◆ About this exercise
If an entry below holds a picture, skip the picture and copy everything else exactly.

◆ Provided entries
☆ ☆ ☆

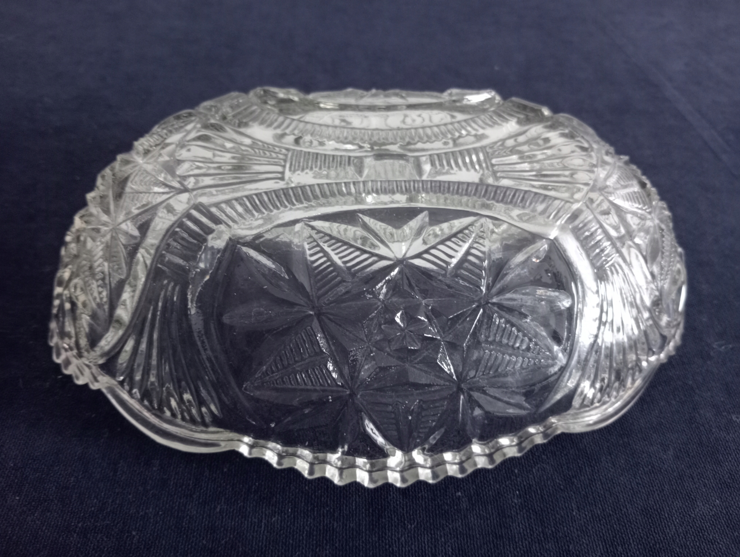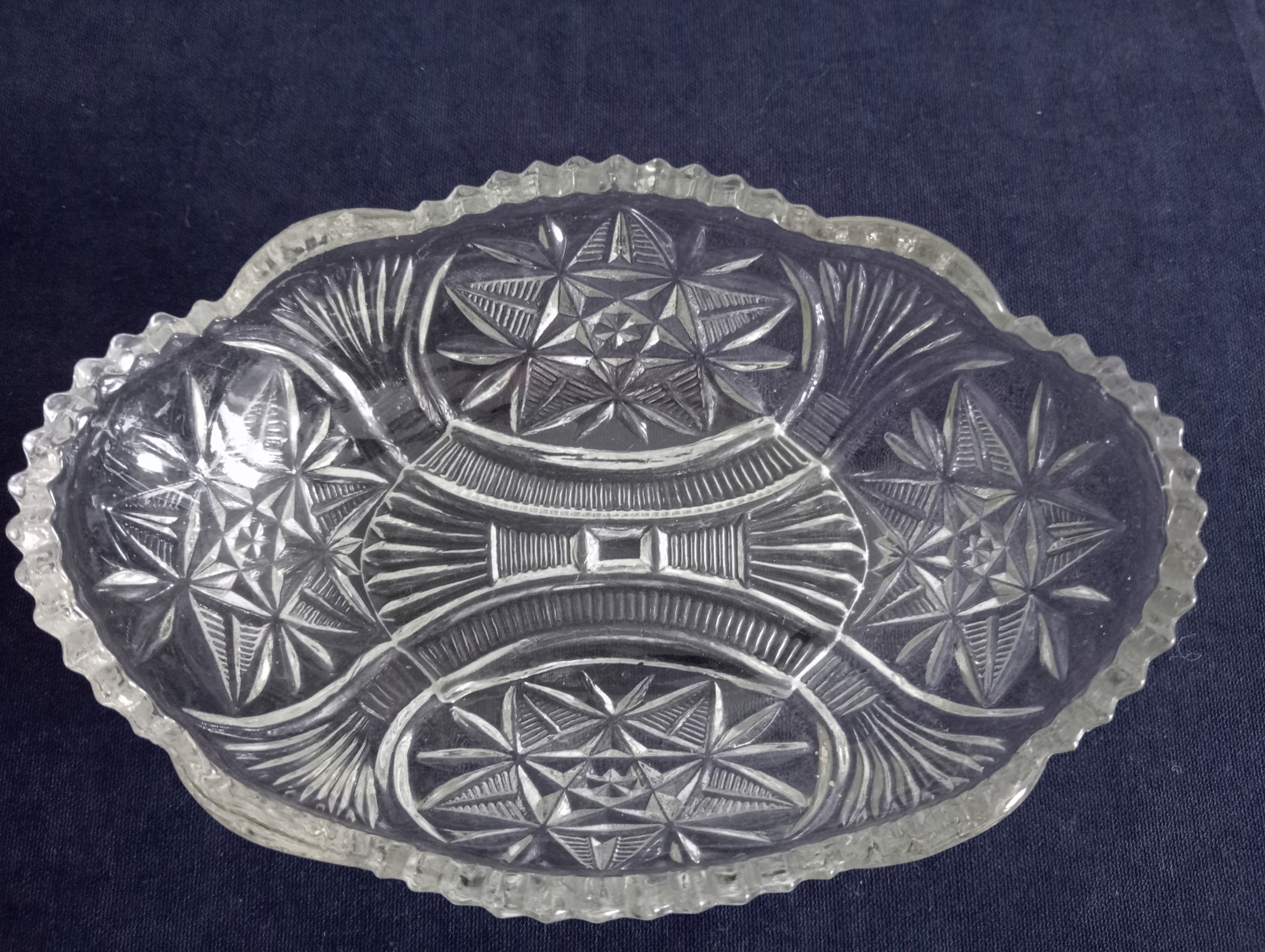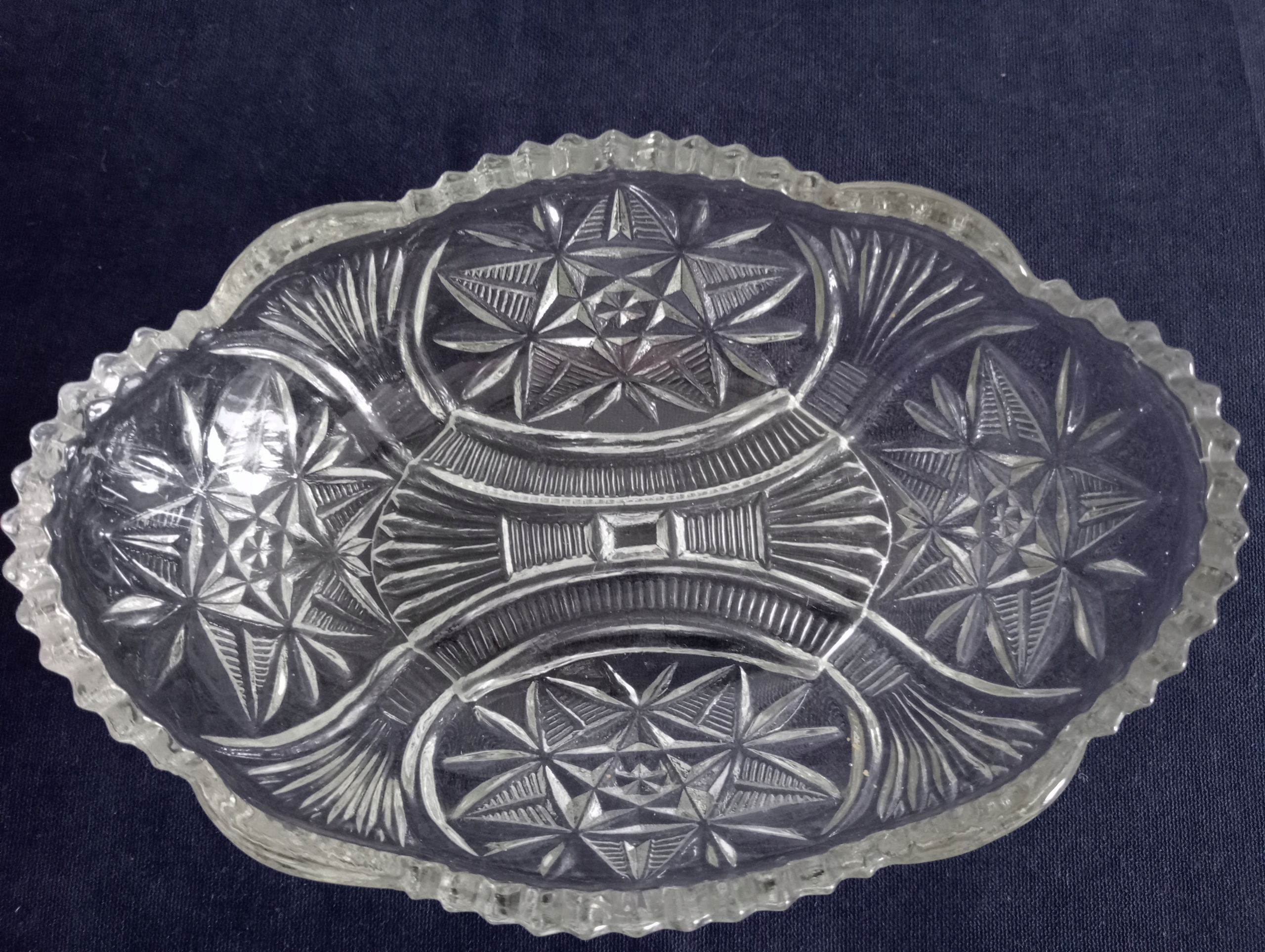 Овальная витрина из аметистового прессованного стекла. Украшена тиснением в геометрические узоры. Родом из стекольного завода "гортензия" в Петркув-Трыбунальском. II Пол. Xxв.
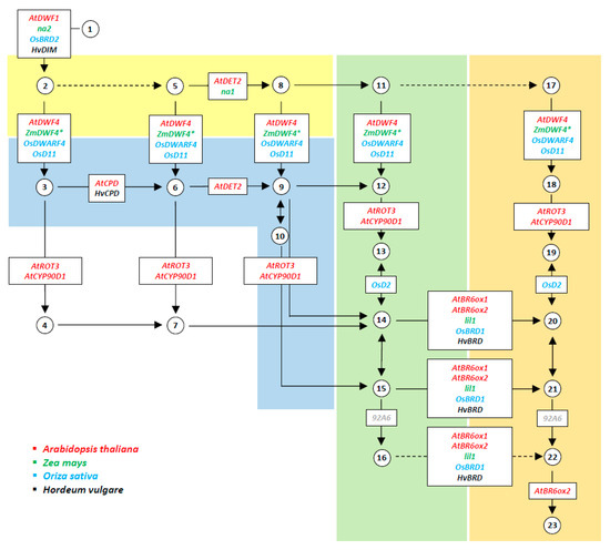 Simplified brassinosteroid (BR) biosynthetic pathway. Late C-22 oxidation, early C-22 oxidation, late C-6 oxidation, and early C-6 oxidation pathway are highlighted in yellow, blue, green, and orange, respectively. The symbols of genes encoding enzymes are represented by the arrows indicating specific reaction steps. Arrows without gene symbol are referred to by steps with uncharacterized enzymes. Dashed arrows indicate multi-enzymatic steps. The second-to-last enzymatic step of the pathway is catalysed by a putative typhasterol/6-deoxotyphasterol 2alpha-hydroxylase (92A6) that has yet not been characterized in cereals. The BR intermediates are shown as numbers within circles as follows: (1) 24-methylenecholesterol; (2) campesterol; (3) 22alpha-hydroxy-campesterol; (4) (22R,23R)-22,23-dihydroxycampesterol; (5) campest-4-en-3-one; (6) 22alpha-hydroxy-campest-4-en-3-one; (7) (22R,23R)-22,23-dihydroxy-campest-4-en-3-one; (8) 5alpha-campestan-3-one; (9) 22alpha-hydroxy-5alpha-campestan-3-one; (10) 3-epi-6-deoxocathasterone; (11) 5alpha-campestanol; (12) 6-deoxocathasterone; (13) 6-deoxoteasterone; (14) 3-dehydro-6-deoxoteasterone; (15) 6-deoxotyphasterol; (16) 6-deoxocastasterone; (17) 6-oxocampestanol; (18) cathasterone; (19) teasterone; (20) 3-dehydroteasterone; (21) typhasterol; (22) castasterone, and (23) brassinolide. (Modified after the Brassinosteroid biosynthesis—Reference pathway available at KEGG; https://www.genome.jp/kegg-bin/show_pathway?map00905).
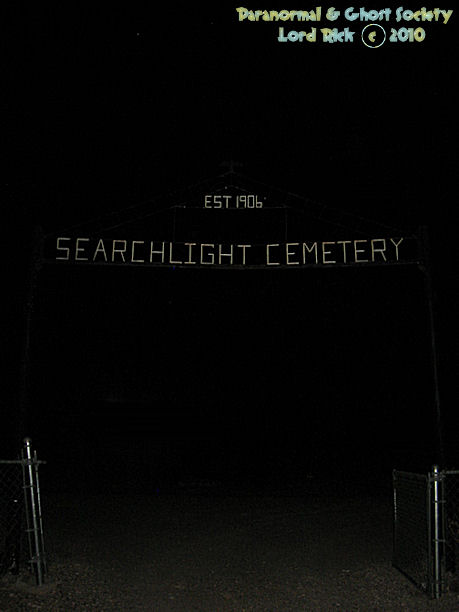 In the early 1900s Searchlight Cemetery was established and is also the place where Senator Harry Reid is buried along with a couple Colton Family members and many promiment individuals who made Searchlight what it is today. In 1961 an airplane had crashed destroying many of the markers within the cemetery and by 1986 all that remained were a couple foundations and stone pieces scattered within the desert brush. The cemetery is at the end of the runway and so were a couple other small ones in the area which I believed were combined some say bodies were moved but no records or proof exist of this. Most of the gravestones are new so their is evidence that perhaps the older stones were replaced. Other cemeteries were graded over or rather downtown Searchlight had a few graves right off the streets. In the days of the wild west if someone died you were buried at a random location whether it was near the old saloon or behind your house up on the hill. Their are about 30 unmarked graves out of the 200 burials here. At one time this cemetery was so deplorable that the boy scouts came here just to clean it up a little. Most of the burials are that of miners but not all of them since many locals were buried just outside of the many mines surrounding Searchlight. Most of what your going to see is old miner tools.....piles of rocks with minerals embedded in them....and some vandalized grave sites like a wrought iron fence torn down to the ground. The entrance of the cemetery has this old pioneer feeling and I remember reading a story about Senatory Harry Reid once being involved in caretaking this place or at least some of his family members. Their is allot of history among its 2 to 3 acres which pertains to the town itself!
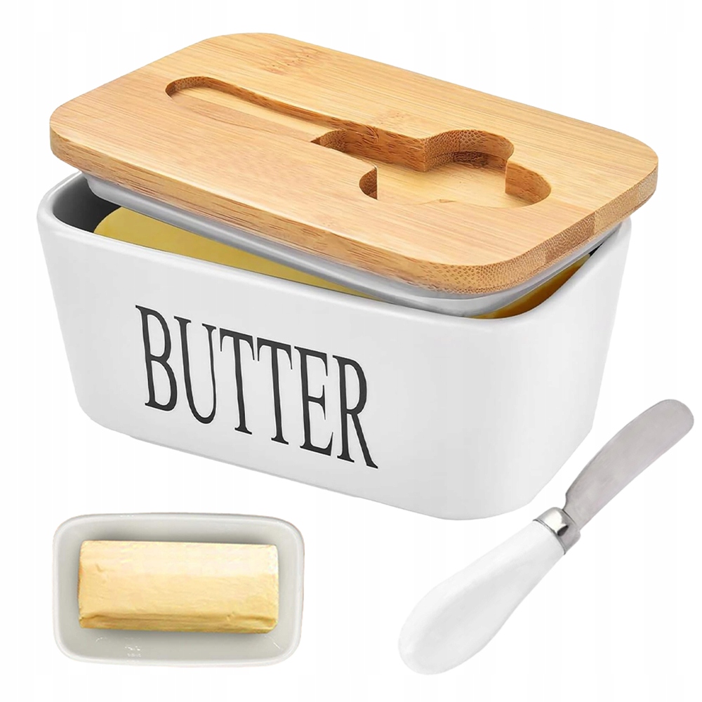 КЕРАМИЧЕСКАЯ МАСЛЕНКА КОНТЕЙНЕР ДЛЯ МАСЛА С КРЫШКОЙ + НОЖ ДЛЯ РАЗДАЧИ
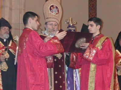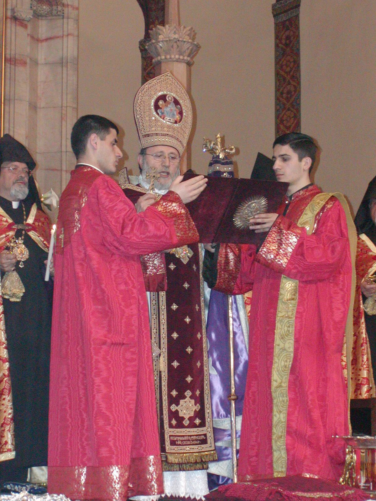 In the morning, in commemoration of the Last Supper and establishment of the Sacrament of Holy Communion, Divine Liturgy was celebrated in the Mother Cathedral. During the Liturgy, hundreds of faithful received Holy Communion. The celebrant was Rev. Fr. Koriun Arakelian, who having just completed his forty-day period of preparation, celebrated his inaugural Divine Liturgy.
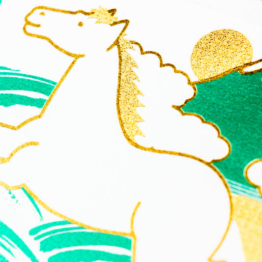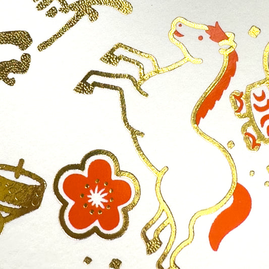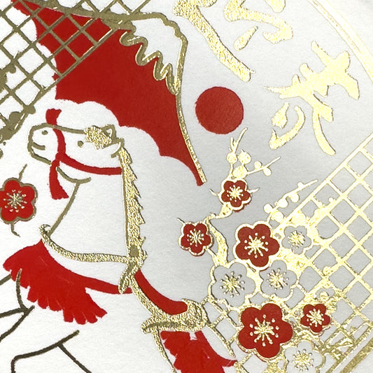 • 箔押し 私製年賀状 「赤富士と神馬」
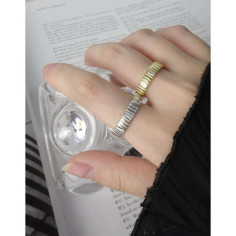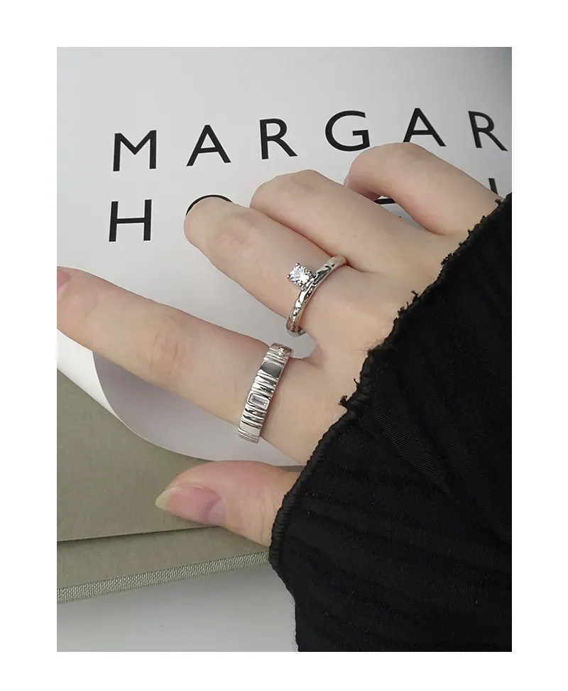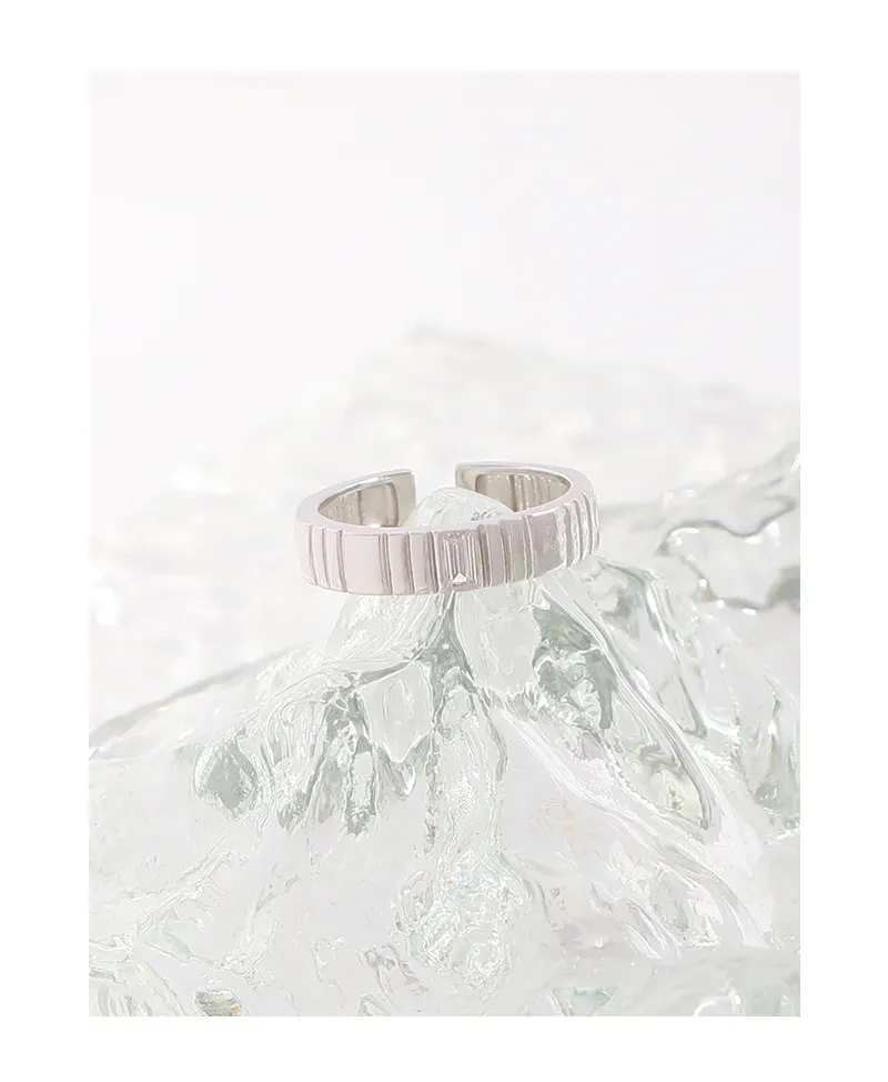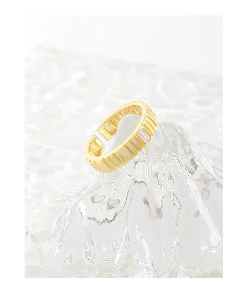 • Texture & Pattern: The distinctive ridged band creates an engaging tactile experience, reminiscent of natural patterns and the subtle, imperfect beauty found in geological formations. The clear baguette stone adds a focal point of celestial light.

☆ ☆ ☆

◆ Your response
 Овальная витрина из аметистового прессованного стекла. Украшена тиснением в геометрические узоры. Родом из стекольного завода "гортензия" в Петркув-Трыбунальском. II Пол. Xxв.
 Simplified brassinosteroid (BR) biosynthetic pathway. Late C-22 oxidation, early C-22 oxidation, late C-6 oxidation, and early C-6 oxidation pathway are highlighted in yellow, blue, green, and orange, respectively. The symbols of genes encoding enzymes are represented by the arrows indicating specific reaction steps. Arrows without gene symbol are referred to by steps with uncharacterized enzymes. Dashed arrows indicate multi-enzymatic steps. The second-to-last enzymatic step of the pathway is catalysed by a putative typhasterol/6-deoxotyphasterol 2alpha-hydroxylase (92A6) that has yet not been characterized in cereals. The BR intermediates are shown as numbers within circles as follows: (1) 24-methylenecholesterol; (2) campesterol; (3) 22alpha-hydroxy-campesterol; (4) (22R,23R)-22,23-dihydroxycampesterol; (5) campest-4-en-3-one; (6) 22alpha-hydroxy-campest-4-en-3-one; (7) (22R,23R)-22,23-dihydroxy-campest-4-en-3-one; (8) 5alpha-campestan-3-one; (9) 22alpha-hydroxy-5alpha-campestan-3-one; (10) 3-epi-6-deoxocathasterone; (11) 5alpha-campestanol; (12) 6-deoxocathasterone; (13) 6-deoxoteasterone; (14) 3-dehydro-6-deoxoteasterone; (15) 6-deoxotyphasterol; (16) 6-deoxocastasterone; (17) 6-oxocampestanol; (18) cathasterone; (19) teasterone; (20) 3-dehydroteasterone; (21) typhasterol; (22) castasterone, and (23) brassinolide. (Modified after the Brassinosteroid biosynthesis—Reference pathway available at KEGG; https://www.genome.jp/kegg-bin/show_pathway?map00905).
 In the early 1900s Searchlight Cemetery was established and is also the place where Senator Harry Reid is buried along with a couple Colton Family members and many promiment individuals who made Searchlight what it is today. In 1961 an airplane had crashed destroying many of the markers within the cemetery and by 1986 all that remained were a couple foundations and stone pieces scattered within the desert brush. The cemetery is at the end of the runway and so were a couple other small ones in the area which I believed were combined some say bodies were moved but no records or proof exist of this. Most of the gravestones are new so their is evidence that perhaps the older stones were replaced. Other cemeteries were graded over or rather downtown Searchlight had a few graves right off the streets. In the days of the wild west if someone died you were buried at a random location whether it was near the old saloon or behind your house up on the hill. Their are about 30 unmarked graves out of the 200 burials here. At one time this cemetery was so deplorable that the boy scouts came here just to clean it up a little. Most of the burials are that of miners but not all of them since many locals were buried just outside of the many mines surrounding Searchlight. Most of what your going to see is old miner tools.....piles of rocks with minerals embedded in them....and some vandalized grave sites like a wrought iron fence torn down to the ground. The entrance of the cemetery has this old pioneer feeling and I remember reading a story about Senatory Harry Reid once being involved in caretaking this place or at least some of his family members. Their is allot of history among its 2 to 3 acres which pertains to the town itself!
 КЕРАМИЧЕСКАЯ МАСЛЕНКА КОНТЕЙНЕР ДЛЯ МАСЛА С КРЫШКОЙ + НОЖ ДЛЯ РАЗДАЧИ
 In the morning, in commemoration of the Last Supper and establishment of the Sacrament of Holy Communion, Divine Liturgy was celebrated in the Mother Cathedral. During the Liturgy, hundreds of faithful received Holy Communion. The celebrant was Rev. Fr. Koriun Arakelian, who having just completed his forty-day period of preparation, celebrated his inaugural Divine Liturgy.
 • 箔押し 私製年賀状 「赤富士と神馬」
 • Texture & Pattern: The distinctive ridged band creates an engaging tactile experience, reminiscent of natural patterns and the subtle, imperfect beauty found in geological formations. The clear baguette stone adds a focal point of celestial light.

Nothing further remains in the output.